Wilkinson, the fourth seed, described his 7-6, 6-7, 6-3 success as one of the best wins of his career. "I may be biased but I don't think you'll see a better match here this week. The standard was unbelievable,'' the 25-year-old from Southampton said. "In fact, I reached a level I don't reach that often. Beating Goran Ivanisevic in round three at Wimbledon was pretty special but this result ranks very highly."
Wilkinson, who today meets his compatriot Mark Petchey or the Dutchman Sander Groen, added: "If I can play like that more often I will be right up there in the top 50."
Wilkinson, through to the quarter-finals of the pounds 32,000 event without dropping a set, trailed 5-3 in the opening set. He recovered to reel off three games in a row only for the Italian to send the set into a tie-break. Wilkinson squandered two set points before taking the shoot-out 8-6.
Nargiso, once ranked No 67 in the world, won the second set tie-break 7-5. However, Wilkinson broke serve in the fourth game and stayed in front to wrap up the match 6-3 in two hours and 10 minutes.
The first semi-final will be an all-German affair between Christian Saceanu and the fifth seed, Arne Thoms.

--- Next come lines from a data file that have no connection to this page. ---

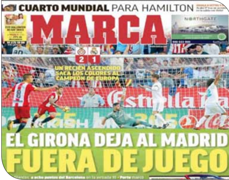
غلاف صحيفة ماركا

أما صحيفة "أس"، جاء العنوان الرئيسي "إيسكو يلعب وحيدا"، مؤكدة أن اللاعب قدم مباراة جيدة بينما لم يساعده رفاقه على تحقيق الفوز، مؤكدة أن كريستيانو رونالدو يمر بفترة سيئة للغاية، وأن فاران خرج مصابا من اللقاء. وبالانتقال إلى صحيفة "موندو ديبورتيفو" جاء العنوان الرئيسي "شكرا جيرونا"، وذلك بعد سقوط الملكي أمام الفريق الصاعد، واتساع الفجوة بين برشلونة وريال مدريد. ولم يختلف عنوان "سبورت" كثيرا، وجاء أيضا موجهاً التحية لجيرونا، مؤكداً على "فارق الـ 8 نقاط" وعودة جيرونا للفوز باللقاء بعد التأخر بهدف نظيف. وذكرت الصحيفة أن كريستيانو رونالدو وزيدان "ابتعدا عن المنافسة على اللقب".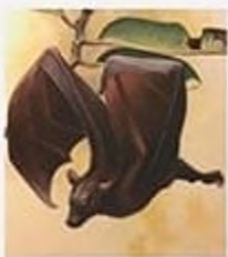
Гуамська летюча лисиця, вимерла в 1968 р., Гуам (Тихий океан)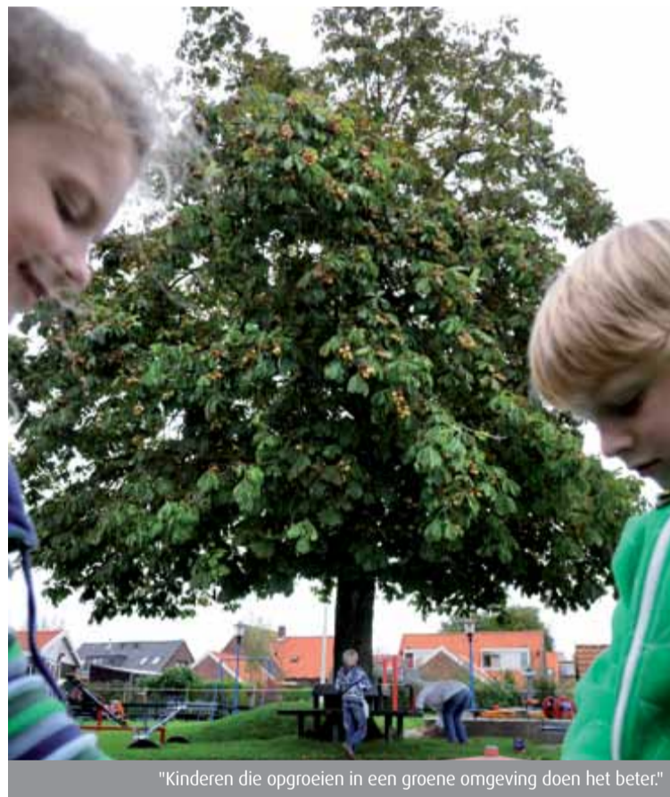
"Kinderen die opgroeien in een groene omgeving doen het beter."

Bij het planten van groen is er veel aandacht voor duurzaamheid. Zo kijkt de gemeente naar bomen die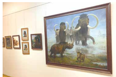
■ Ukázka z výstavy.

Součástí výstavy jsou také paleontologické ukázky fauny i flóry z depozitářů znojemského muzea. lp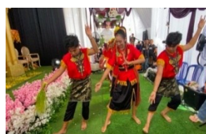
Gambar 1. Gerak Menyembah

yaitu menghentak-hentakkan kaki. Kumantan menari diikuti penari-penari dibelakangnya. Gerak Tari Rentak Bulian terdiri dari 7 ragam gerak, antara lain: Gerak Menyembah, Gerak Merentak, Gerak Goyang Pucuk, Gerak Sembah, Gerak Meracik Limau, Gerak Merenjis Limau (Memercik Limau) dan Gerak Empat Penjuru.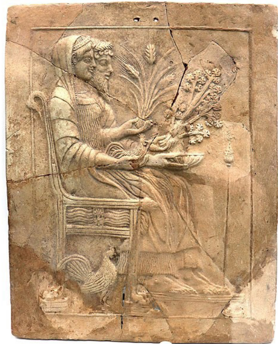
Kleitabiet gevonden in een Persephone-heiligdom in Locri, Zuid-Italië, waar zij duidelijk is afgebeeld als koningin van het hiernamaals. Ze is zelfs voor haar man Hades geplaatst.

Een groot aantal van de daar teruggevonden votieftabletten (van klei) laat een volwassen koningin van de onderwereld zien, soms in een meer prominente rol dan haar echtgenoot Hades. Meestal werden ze naast elkaar zittend afgebeeld, met Persephone aan de voorkant. 5 Andere kleitabietten tonen afbeeldingen die te maken hebben met het huwelijk en het leven van vrouwen. Hier wordt ze niet aangesproken als godin die over de reis naar de onderwereld gaat, zoals in Athene.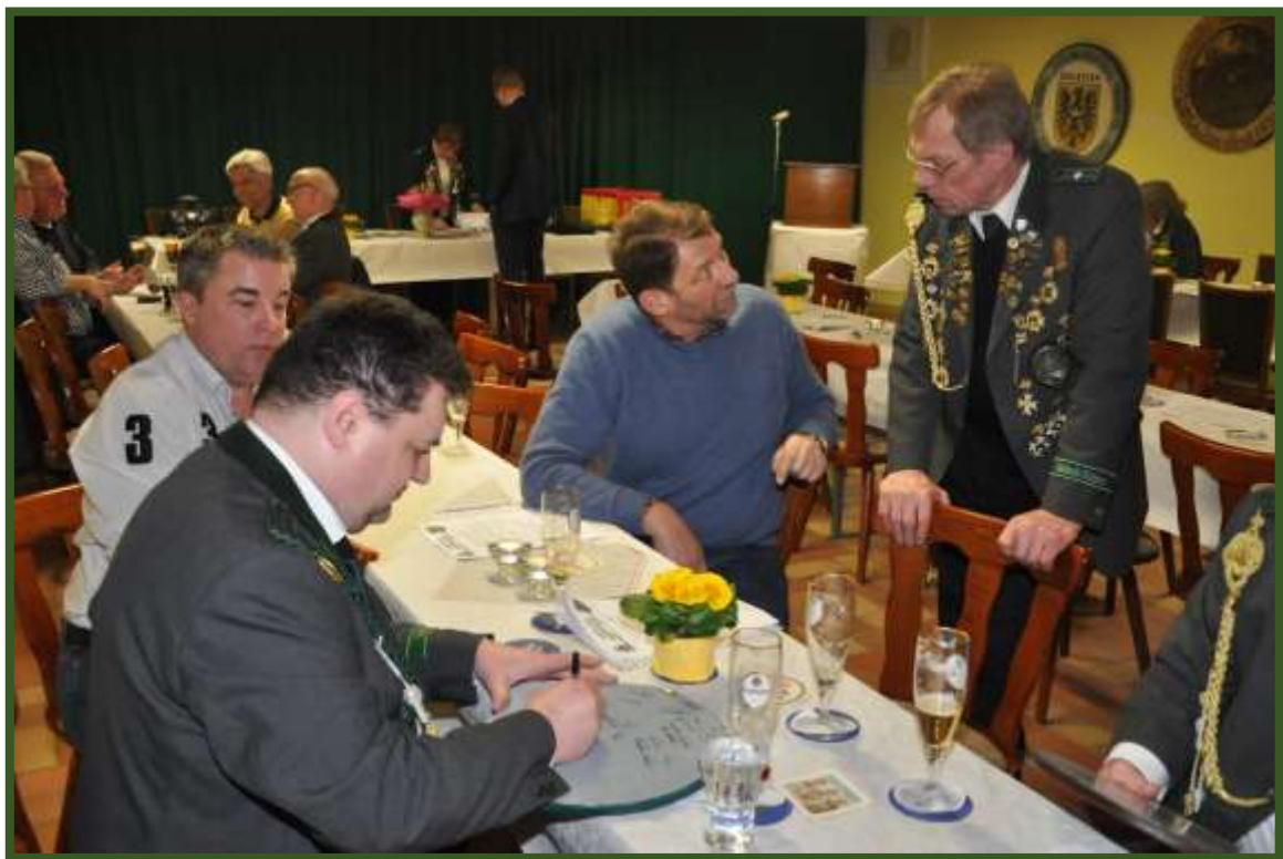
Unterschriften der Schützenbrüder & Schützenschwestern versehen.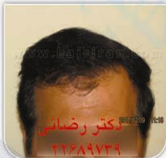
۹ ماه پس از کاشت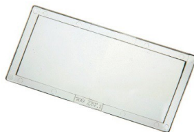
Lentille de grossissement dioptrique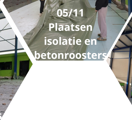
05/11 Plaatsen isolatie en betonroosters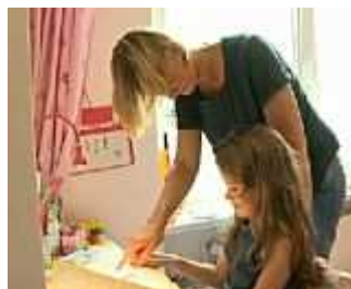
Einschulung: Umgewöhnung in den erst...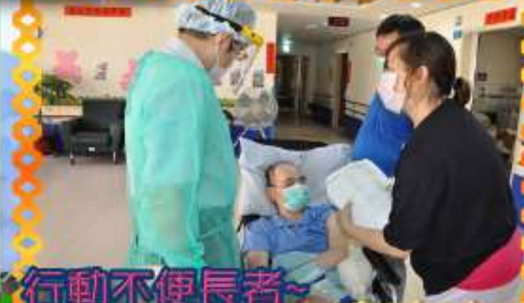
行動不便長者~ 到堂施打就甘心~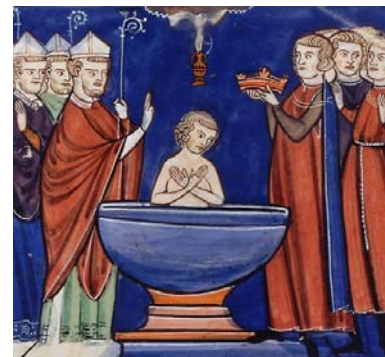
Baptême de Clovis en 496 Enluminure

Clovis et ses successeurs forment la dynastie des Mérovingiens. A la mort d'un roi mérovingien, le royaume est partagé entre tous les fils. Les Mérovingiens ne vont cesser de s'entretuer, laissant le royaume de plus en plus affaibli.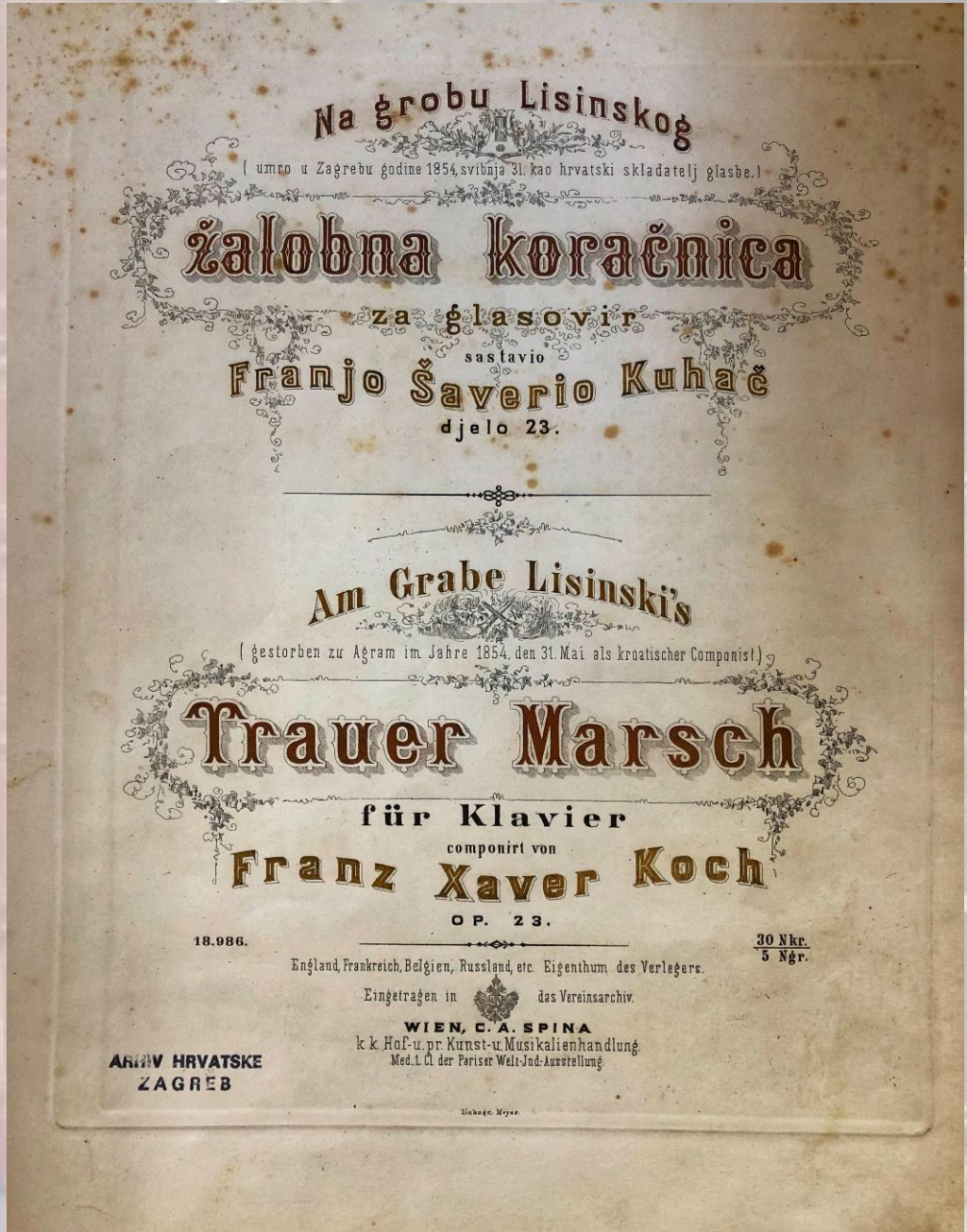
On Lisinski's grave, Trauermarsch, Op. 23 (1866)

CANDIDE — OLTAIRE — 759 — THOMAS ARLYLE'S COPY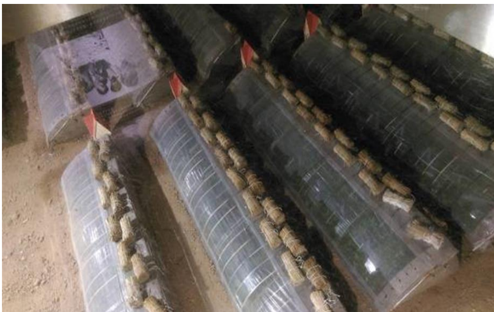
圖 16：壽光蔬菜博物館展示的大棚模型。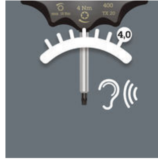
Duidelijk hoor- en voelbaar kliksignaal bij het bereiken van het draaimoment.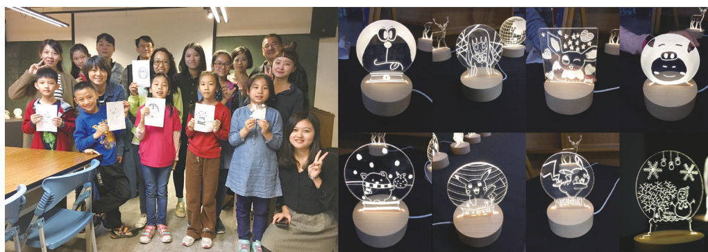
圖八：數位創新工場

本計畫首先以親子為對象，發展出與電子街有關之數位創新工場。藉由數位LED燈及繪圖軟體結合雷射切割，讓親子發揮創意當場實作個性夜燈。對應到中區電子街商圈，讓一般民眾了解電子材料也可以製作出時尚物品，希望藉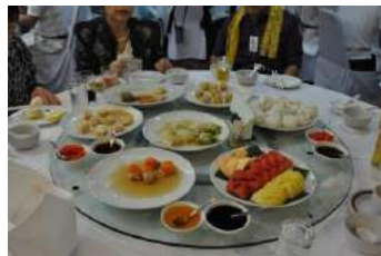
豪華な中華料理 タレはどれ付ける 蜂蜜？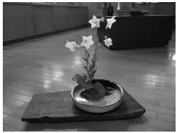
さとぴあ展示スペースでミニ花展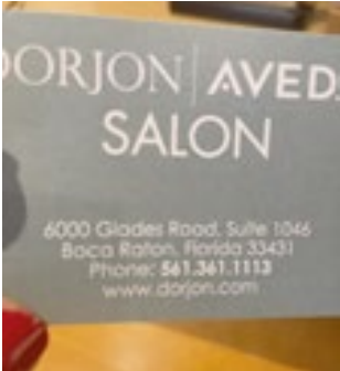
Salão onde a brasileira trabalha há 24 anos

se apenas: “Amanhã você vai lá.” Esse gesto mudou tudo. A então assistente retomou os estudos, encarou provas, longas ho-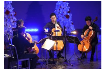
ペンギンと音楽の夜

すみだ水族館では10組以上のペンギンのカップルが、毎日決まった場所を自分たちの「おうち」として生活しています。「ペンギンライブ」では、個性豊かなペンギンたちの恋の話について解説します。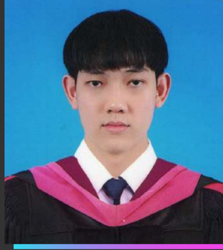
รัฐศาสตร์ แสงคำมา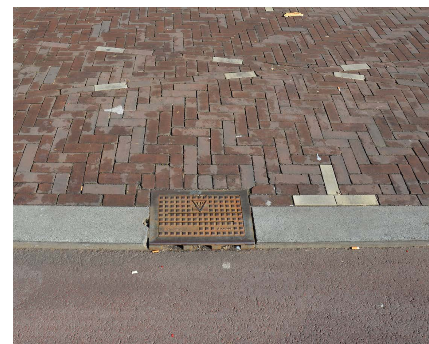
Parkeerplaatsen krijgen goedbruikbare afmetingen en bevinden zich op de hoogte van het trottoir.

De bovenstaande beelden zijn referenties voor het organiseren van de verschillende elementen die een plekje moeten vinden in de straat. Materialisering wordt in het verlopig ontwerp onderzocht.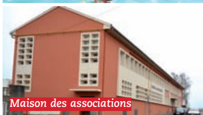
Maison des associations

Aménagement d'une Maison des Associations dans l'ancien lycée Anne Frank qui accueille 16 associations sur 1 800 m 2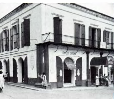
Charlotte Amalie. »Maison Danoise», Nørregade.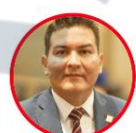
Rep. Hugo Archila Partido Liberal Casanare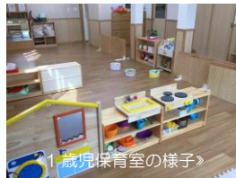
◀1歳児保育室の様子▶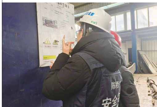
近日,陈桥街道育爱村邀请安全专家充当企业安全生产“啄木鸟”,走进辖区企业进行隐患排查,助力企业安全生产。 陈飞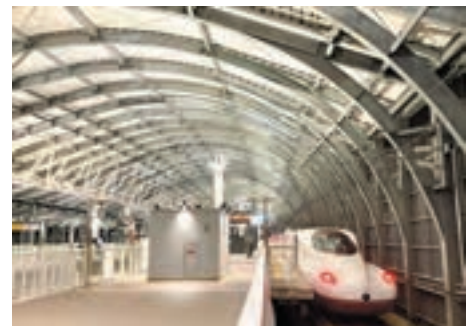
大規模事業の例：長崎駅周辺整備事業

プロジェクトで何を実現するのか（目標）、何を重要視するのか（優先順位）、何を計画や設計の前提とするのか（前提条件）を職員とともに整理しながら、どのような体制とプロセスで検討を進めるのか（体制構築）、計画や設計を行ってもらう腕のよいチームをどう獲得するのか（設計者選定プロセスの企画）等にも取り組み、体制が構築された後は、検討ワーキング座長や検討委員会委員、市民ワークショップの全体ファシリテーション、市民シンポジウムのコーディネーター等の役を担い、プロジェクト全体のマネジメントを行ってきました。関係機関とのデザイン調整や施工現場におけるデザイン監理も行います。良い施設を実現するための「デザインマネジメント」において主要な役割を担っています。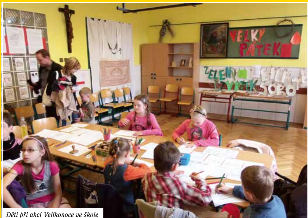
Děti při akci Velikonoce ve škole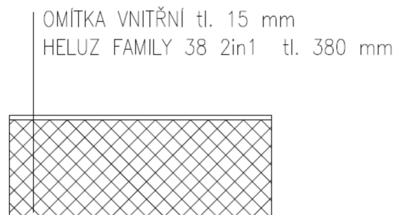
Obr. 6. Referenční zděná konstrukce

Již druhy uvedených nosných konstrukcí mají své klady a zápory. Zděná konstrukce je například při hodnotách pasivního domu vystavěna z tvárnic o větší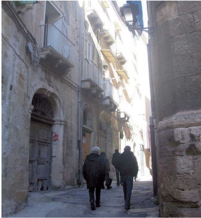
I vicoli deserti della Taranto antica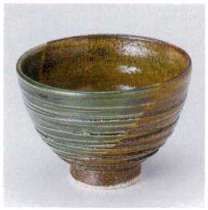
T330-13 半掛織部たもり碗 φ12.5×8.7cm 1,500円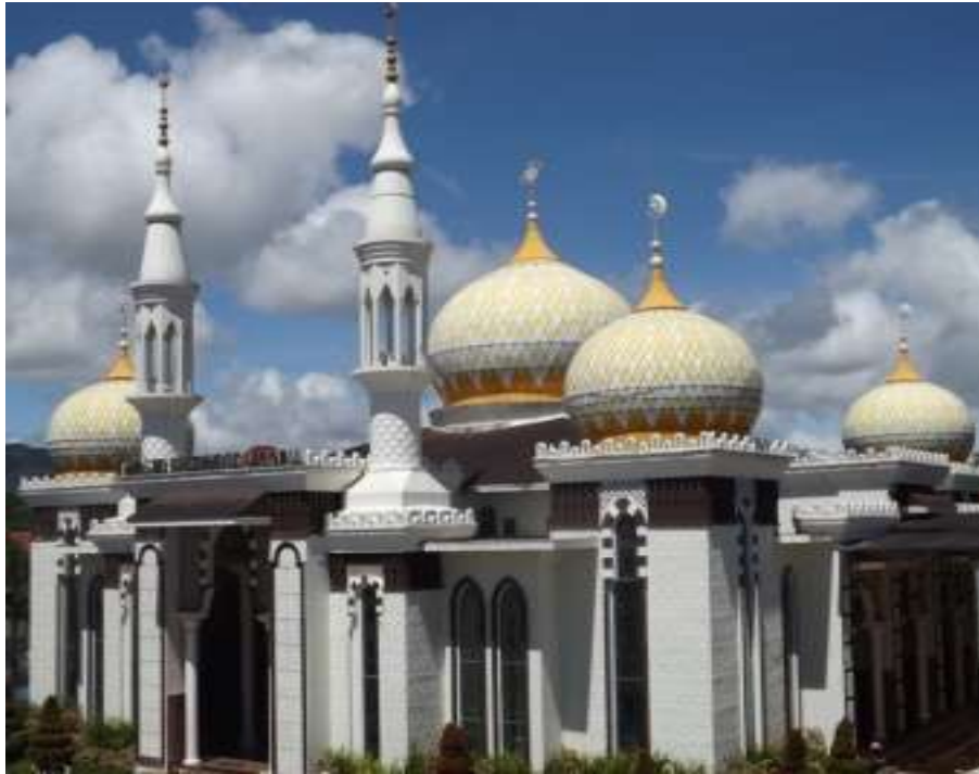
Gambar. 16 Masjid Raudhatul Jannah Bukittinggi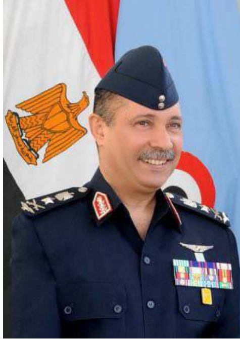
الفريق / يونس المصري وزير الطيران المدني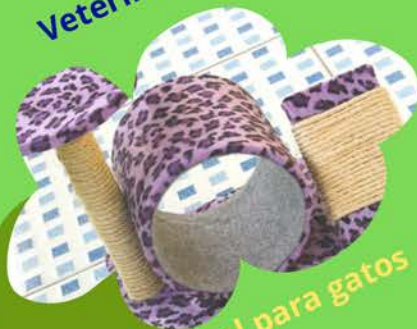
Árbol para gatos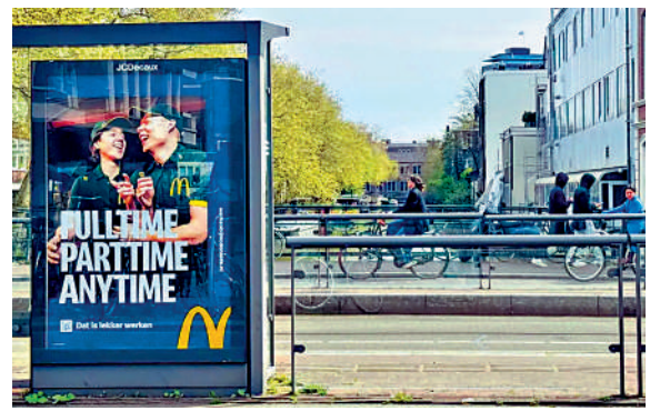
▲荷蘭首都阿姆斯特丹市正式禁止肉類和化石燃料廣告。圖為以前該市街頭的麥當勞廣告牌。

反對人士認為，這項禁令將肉類與航班、柴油汽車等相提並論，不再把吃肉只視作個人飲食選擇，而是上升為氣候治理議題，嚴重干預和限制消費者。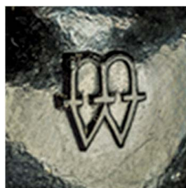
39. Sygnatura na uchwytach z lat 70.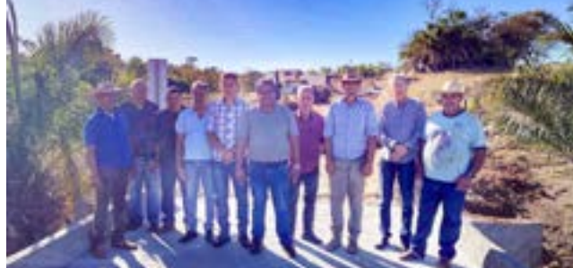
Ponte de concreto Córrego Engano - região Anta Morta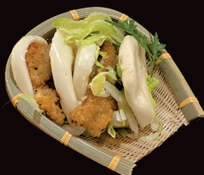
013 Mo manzo pane al vapore con manzo fritto, maionese, insalata € 4,00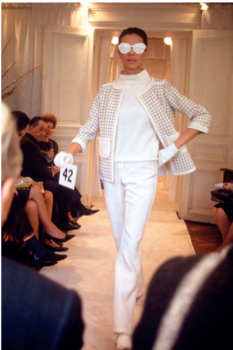
Знаменитые «солнечные очки эскимоса» от Куррежа, прототипом для которых стали снежные очки инуитов, впервые были показаны в коллекции «Лунная девушка» в 1965 году.

вклад был небольшим, но как часть дизайнерской эстетики Хепберн, выдержал проверку временем. Хепберн сыграла Джоанну, которая в начале картины предстает как простая наивная девушка и заканчивает ее как замужняя женщина на грани развода, облаченная с головы до ног в последние творения космической моды. Фильм «Двое на дороге» стал одним из самых культурно значимых проектов актрисы, так как он показал seismicкое изменение на рынке моды, которое актуально и сейчас. Юность одержала окончательную победу. Начиная с шестидесятых годов одежда предназначается для подростков, а взрослым женщинам, подобным Хепберн, бывшим когда-то завзятыми модницами, остается только играть в догонялки. Курреж предоставил для съемок картины «Двое на дороге» очки от солнца в своем фирменном «эскимосском» стиле — с прорезями для глаз, представленные в 1965 году. Но очки Хепберн в фильме все-таки более практичны.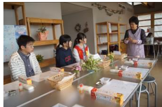
おのみち地区 ハーブ石鹸作り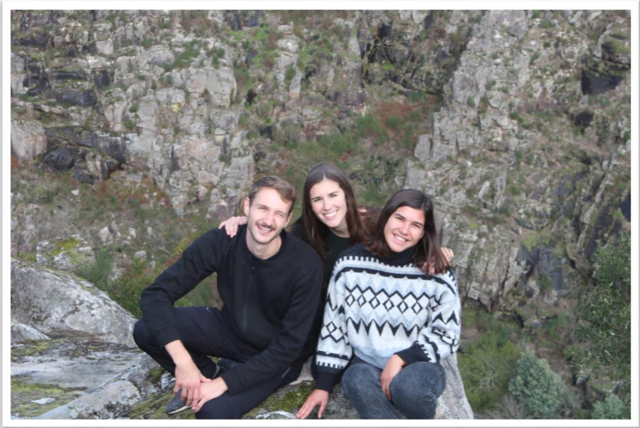
Paiva túra (Nov)

Saceanu, the conqueror of Jeremy Bates in the last 16, put out Spain's Tati Rascon 6-3, 6-2.
Thomas Muster, the French Open champion, will meet Sergi Bruguera, in a battle of the clay-court specialists in today's semi-finals of the Stuttgart Open.
Despite a foot injury and hot conditions, the Austrian Muster cruised to a 6-2, 6-0 quarter-final victory over Spain's Tomas Carbonell in just 53 minutes yesterday to set up the tie with Bruguera, the French Open champion in 1993 and 1994.
The Spanish third seed beat Germany's former Davis Cup player, Carl-Uwe Steeb, 6-3, 6-4.